3人とも素直で受容する器が大変大きく今後どのように化けていくのか楽しみです!!
この下からの刺激をパート内での活気に繋げられるよう取り組んでいきます。

ということです。
この間のDB会でみんな泣いたと書きましたが、この新入生3人は自分の話(酔っていたのではっきりと内容は思い出せないんですが…)を聞いて泣いてくれてたんですよ!笑
もうこいつらもDBの家族の一員だなと思った瞬間でした!

あと2週間後に迫った白鴎大戦も新しいDBパートでの初めての試合なので、新入生がどんなプレーをしてくれるのか、そして上級生がどんなプレーを見せ付けるのか本当に楽しみです!

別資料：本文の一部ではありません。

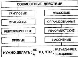 Совместные социальные действия подразделяют на стихийные и организованные, революционные и реформистские. Реформа

■特別企画:職業なるにはなったら物語〜今回は第24期の高木啓樹の後半です。

今、自分はポンプ車の機関員、分かりやすく言うと、消防車の運転手をやっています。
災害が起こり、出場をする際には、その日の道路工事やその時間の渋滞状況を考えて、すぐに道順を決め、緊急走行で向かいます。
少しでも早く現場に着かなくてはいけない一方、出場途上、絶対に事故を起こしてはいけないので、本当に緊張をします。
災害に出場をしていない時には訓練を行ったり、あとは学校やマンション、会社の消防訓練(避難訓練)に立ち会ったりしています。
実際に火災が起こった時、119番通報、避難や誘導、消火器での初期消火、これらの事をやるのは全て市民の皆さんになるので、いざという時にはきちんと対処が出来る様、しっかりと覚えて頂かないといけません。
自分は下っ端なので、人前に出て、色々と説明をする事が多いです。
大人には少しでも防災に関心を持って頂ける様、子供には消防士になりたいと思って貰える様、幼稚園の先生と看護師さんには飲み会をやって貰える様、一生懸命に説明をします。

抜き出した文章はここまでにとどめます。